I'm one step closer to breaking the leash that Isabelle placed on me unfairly, all thanks to a clueless James. Now onto the next problem. Ryan. My sexy boss, who's supposed to be off-limits, seems to be everywhere I go, although I'm trying to be far away from temptation.

I'm not going as far as to quit my job, but it's quite hard when I work right next to his office, and I don't like these mixed feelings. One minute he wants me under his control, the next he wants me away from him. I'm not that stupid to figure that much out.

I'm truly grateful for this week off.

I sit around my laptop, and I and Mr. Anonymous talk for about an hour relating to the matter, laying down a plan.

I send him her number and whatever information I have, and he confirms that I should give him days or a couple of weeks; if she hid it well, it may take a month.

I should stay inside tomorrow, sleep in, eat, or workout—definitely not; maybe tidy up or go out. There are so many options that don't include work. The beauty of being a personal assistant.

Speaking of which, I wonder what Ryan was doing today; he seemed to have an errand or two to run. It's none of your business, Monique.

Is it not? He shoved his tongue down your throat two days ago.

Ah, go away.

I shush my subconscious, trying to think of something else—anything but him.

I got it—food and books—but first I need a shower.

I need a new pair of jeans. I think as I look around the store. It's quite obvious I've been getting wider hips, but it's annoying since it's a wardrobe menace.

I pick up a few items and cash them, then leave to get dinner for later and go to the public park to relax.

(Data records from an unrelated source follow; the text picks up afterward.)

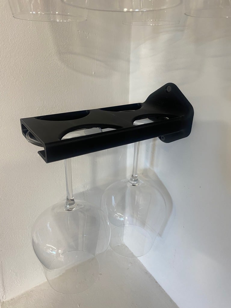Die Installation ist unkompliziert und erfordert nur drei 4-mm-Schrauben (nicht im Lieferumfang enthalten) für eine solide und zuverlässige Wandmontage. Das diskrete Design sorgt für Ordnung auf Ihren Oberflächen und einen einfachen Zugriff auf Ihre Weingläser.
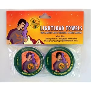 The world renowned Lightload Towels are the only towels that are survival tools. Use them as a towel, wash cloth fire starter, first aid supplement, diaper, insulator, static electricity insulator, mask and more. They pack down to 1.5 in diameter and 5.75in girth and 1.2 in width.They're great for packing in tight spaces like suitcases and small pouches. They weigh a mere .3oz so very helpful where weight is a concern like in travel or backpacking. Waterproof packaging covers each piece so you always have a clean dry cloth which is good for hygiene, personal care and first aid. The material is 100 percent viscose which is made from cellulose(not oil, like microfiber). It's the most absorbent material you can buy. They are also the most energy efficient towels in that they need little energy to carry, wash and dispose. Add water to the towel or start wiping water off of you to soften and open easier. They're very soft against the skin so great for the gym and spas. Machine wash the towels very delicately or handwash. Keep dry when possible. The towels are reusable and will last until they don't. This two pack is a great gift, and is easily mailed. Colors of the towels are assorted. Golfers can freeze to make a cold towel. Great as a game piece too on rainy days. Use as a checkerboard or puck. Boy Scouts and kid campers love this feature. Lightload Towels have been written about in many magazines including Climbing Magazine,Bike Magazine and Sailing Magazine.
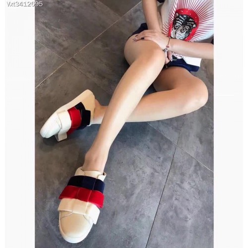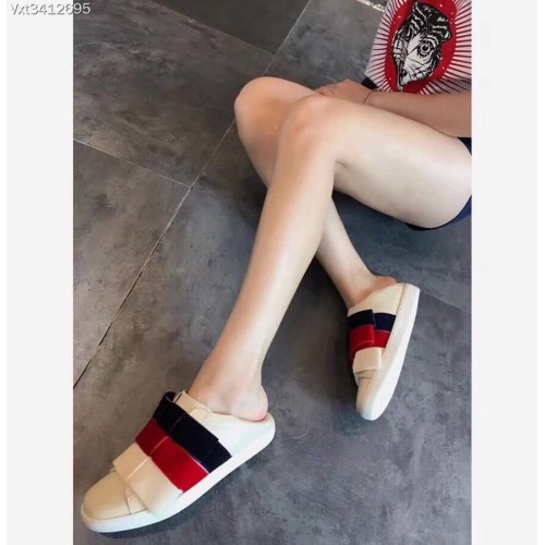 Designed in a slip-on silhouette for Pre-Fall 2018, the 70s inspired Ace sneaker is enriched with delicate elements reflecting the House's romantic narrative. In blue, white and red, the color combination of the Sylvie Web, three velvet bows wrap around the shoe, contrasting a white leather base.
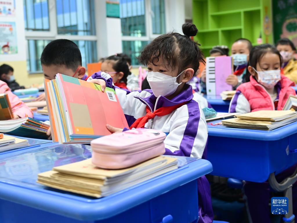 3月1日,西寧市城西區(qū)文匯小學(xué)學(xué)生在整理新課本。
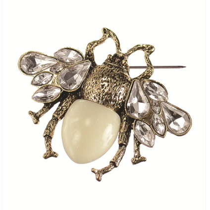 Queen Bee Brooch - Antique Gold/Clear/Cream
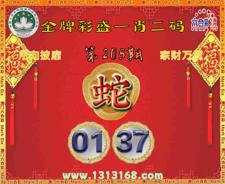 205期:《金牌彩盛》 ☘️一肖二码☘️【】【01.37】开:蛇01
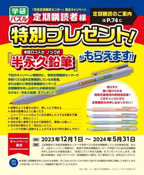 ただいま、学研定期購読センターで『超難問ナンプレ&頭脳全開数理パズル』の新規定期購読を申し込まれた方と、すでに定期購読をされている方全員に、本誌のロゴ入り「ノック式半永久鉛筆」をプレゼントするおトクなキャンペーンを実施中です。
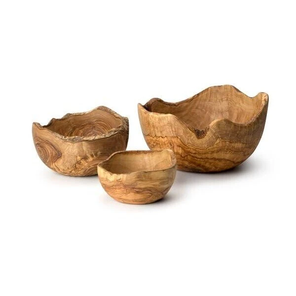 Die hochwertig verarbeiteten Schüsseln aus Olivenholz von Continenta sind aus einem Stück gefertigt. An dieser natürlichen Form ist besonders der Borkenrand charmant, der vereinzelt ganz gewollt erhalten bleibt.

The past 6 months have been hell. A rollercoaster of emotions is a better way to put it. The first two months, I struggled to adapt to this working environment as I was fresh out of college. My clumsiness isn't something I've ever been proud of, as you can tell, but for some reason, Ryan has yet to fire me despite my countless mistakes. He taught me the ropes, and I caught on quite well.

I got to know James when I needed technical help, and I covered for him that same day when he had an emergency as a thank you, and we kept exchanging that favor ever since.

His girlfriend, Jolie, and I are also on the same line of favor, but she works in the customer service section, so I don't see her as often.

The two months following have been stable apart from Ryan and I's collisions that have set off a firework of emotions in me. I find him to be a good person most of the time; he's extremely attractive, determined, ambitious, and hardworking, but also confusing.

His mixed signals of wanting me and not—hot and cold—have put me in a state of confusion over the last 4 months. And when he started verbalizing his dislike for the Smith's, I began to push myself further and further away from my delusional thoughts.

I get up and head to the exit when a little body bumps into mine, and on instinct, I catch it. "Be careful, little guy." I help him up, and his mother thanks me before I leave.